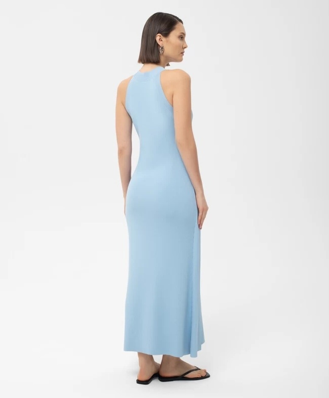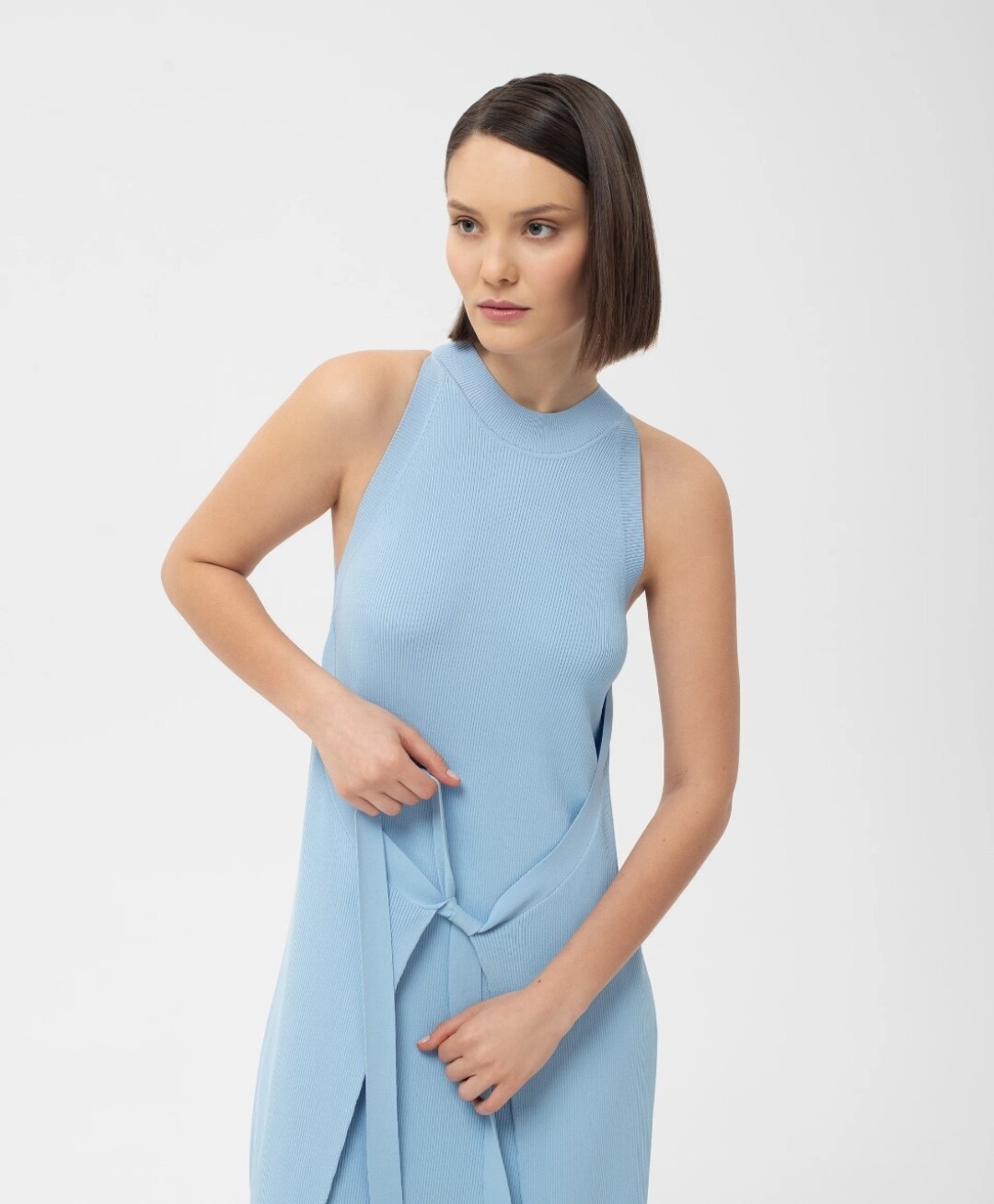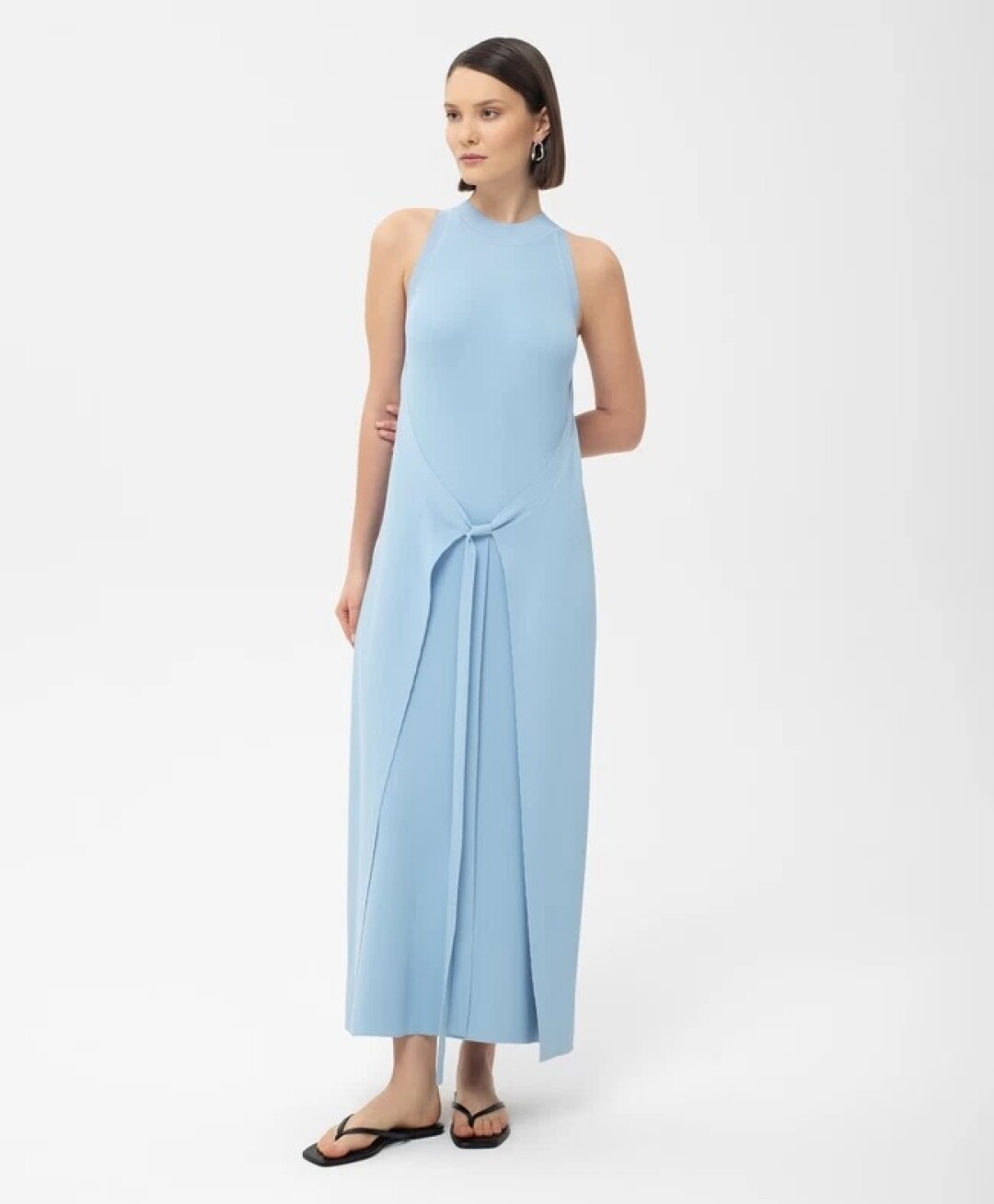 Трикотаж и имитация многослойности, помноженные на ясный бескомпромиссный голубой — это длинное платье без рукавов от Gulliver, связанное тонкой эластичной резинкой, одновременно непринужденное и с характером. Очередное прочтение тренда, когда нарочитая лаконичность оказывается не так проста, как кажется на первый взгляд: узел, который можно завязать и спереди, и сзади, оставляет простор для творчества и самовыражения.
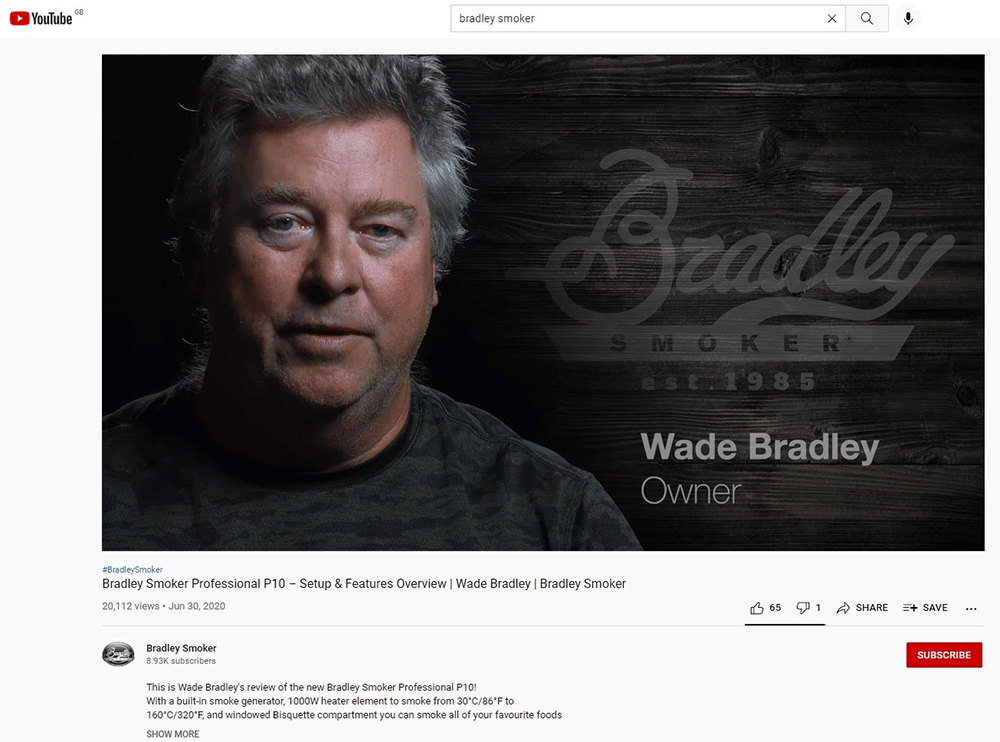 This example from Bradley Smoker ticks the boxes for several types of video content.
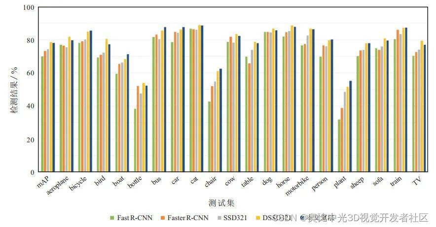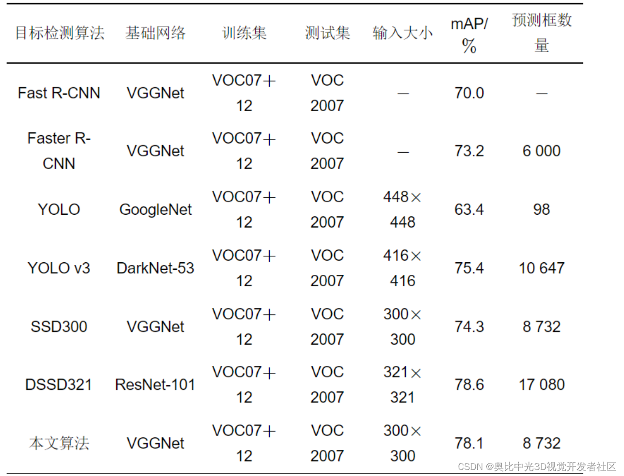 表 1给出了Fast R-CNN[3]、Faster R-CNN[5]、YOLO[6]、YOLO v3[9]、SSD300[11]、DSSD321[20]以及本文算法的目标检测精度.
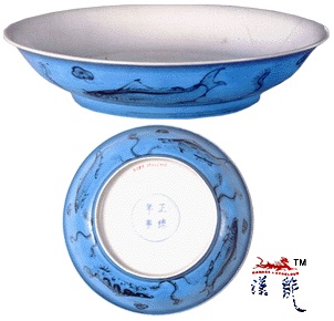 .正德 孔雀绿釉青花鱼藻纹盆,

## [WHAT YOU HAVE TO DO]
Only the pictures are to be left out; write out all the other data exactly.

## [WRITTEN ANSWER]
 Трикотаж и имитация многослойности, помноженные на ясный бескомпромиссный голубой — это длинное платье без рукавов от Gulliver, связанное тонкой эластичной резинкой, одновременно непринужденное и с характером. Очередное прочтение тренда, когда нарочитая лаконичность оказывается не так проста, как кажется на первый взгляд: узел, который можно завязать и спереди, и сзади, оставляет простор для творчества и самовыражения.
 This example from Bradley Smoker ticks the boxes for several types of video content.
 表 1给出了Fast R-CNN[3]、Faster R-CNN[5]、YOLO[6]、YOLO v3[9]、SSD300[11]、DSSD321[20]以及本文算法的目标检测精度.
 .正德 孔雀绿釉青花鱼藻纹盆,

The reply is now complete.